International Journal of Computer Applications |
Foundation of Computer Science (FCS), NY, USA |
Volume 117 - Number 8 |
Year of Publication: 2015 |
Authors: Saturi Rajesh, D.raju, P.ajay Kumar, P.srikanth |
10.5120/20573-2974 |
Saturi Rajesh, D.raju, P.ajay Kumar, P.srikanth . A Frame Work for Topical Collections Make with Focused and Accelerated Focused Crawlers. International Journal of Computer Applications. 117, 8 ( May 2015), 13-20. DOI=10.5120/20573-2974
The rapid growth of the World-Wide Web poses unprecedented scaling challenges for general-purpose crawlers and search engines. In the personalized search domain, an alternative to general purpose crawler called focused crawlers are receiving increasing attention. The goal of these crawlers is to selectively seek out pages that are relevant to a pre-defined set of topics or theme.

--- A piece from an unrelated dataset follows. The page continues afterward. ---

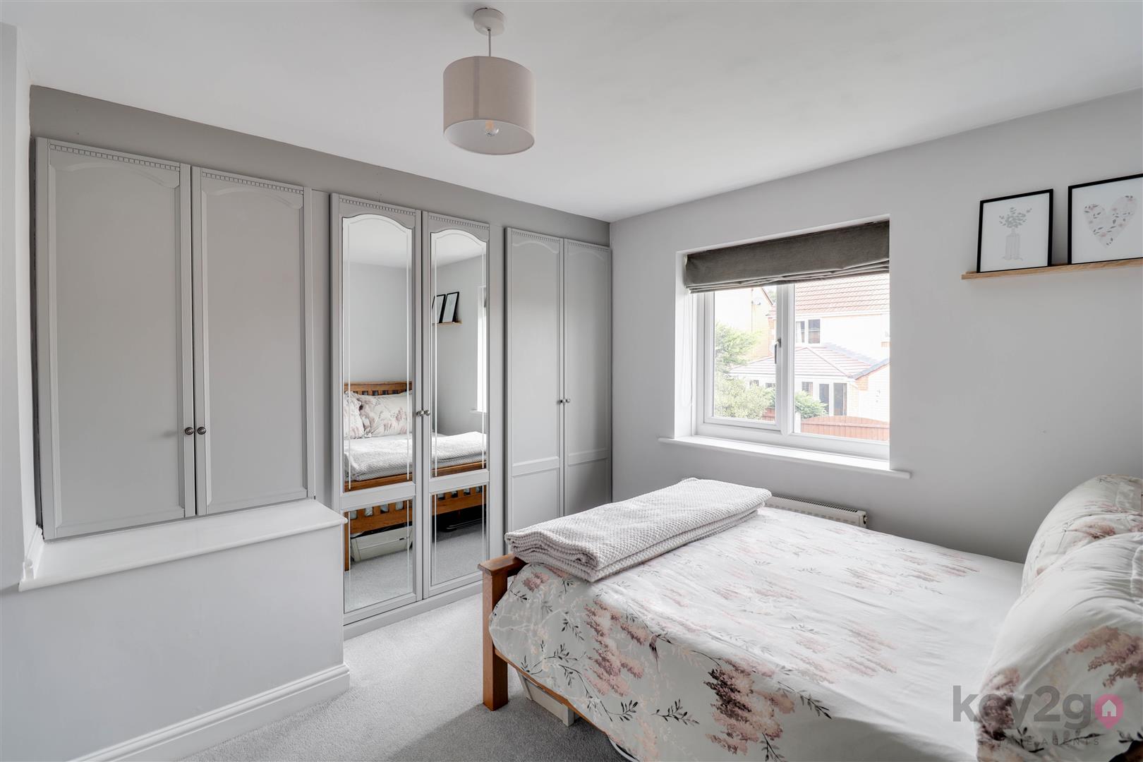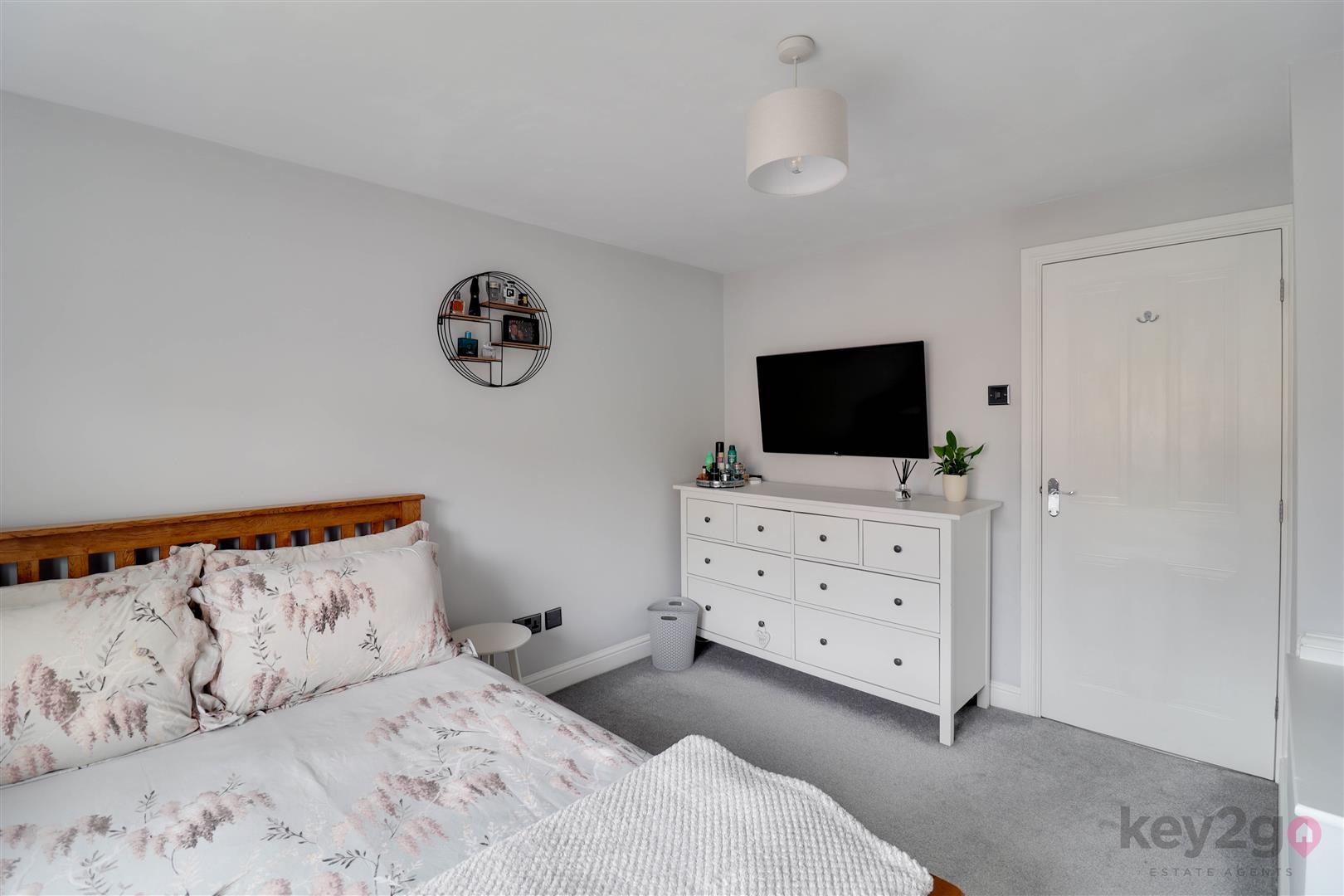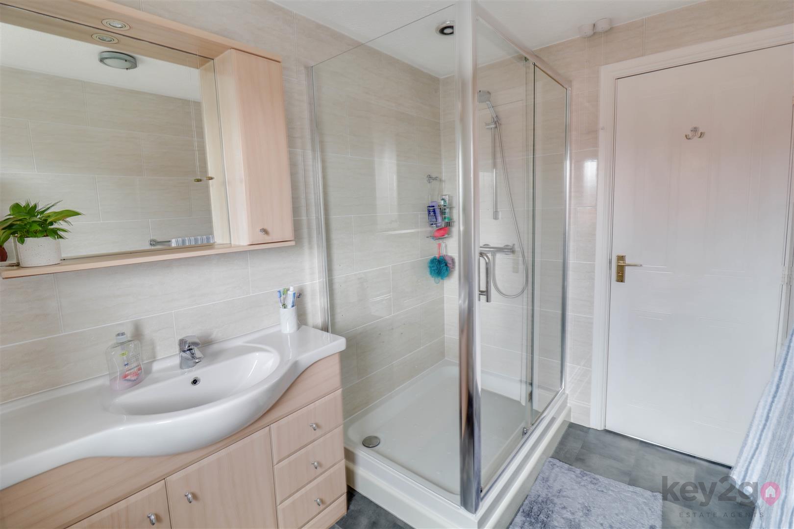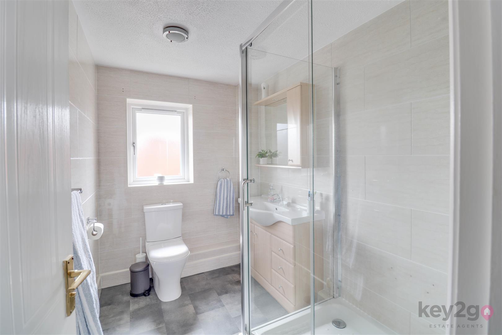 Carpeted stairs with painted décor lead to the first floor, giving access to the bedrooms and bathroom. Bedroom one is a spacious double with carpet flooring, painted décor, a large built-in wardrobe, and a window. Bedroom two is a generous single with neutral décor, laminate flooring, a window, and access to the loft. The stylish bathroom features a large walk-in shower unit with a glass surround and sliding door, a fitted sink unit with storage, and a close-coupled WC.

Rather than collecting and indexing all accessible Web documents to be able to answer all possible ad-hoc queries, these crawlers analyzes their crawl boundary to find the links that are likely to be most relevant for the crawl, and avoids irrelevant regions of the Web. This leads to significant savings in hardware and network resources, and helps keep the crawl more up-to-date. This paper presents and compares two focused crawlers called traditional focused crawler and accelerated focused crawler. Accelerated focused crawler takes offline lessons from traditional focused crawler. It emulates human surfer by trying to predict the relevance of a 'HREF' target page based on words around the link on the source page. The topics are specified using exemplary documents in these experiments. Naive Bayesian classifier is used to guide the crawlers. The crawlers were evaluated for different number of pages crawled, for different number of features gathered from different distances from the link and with different feature selection methods.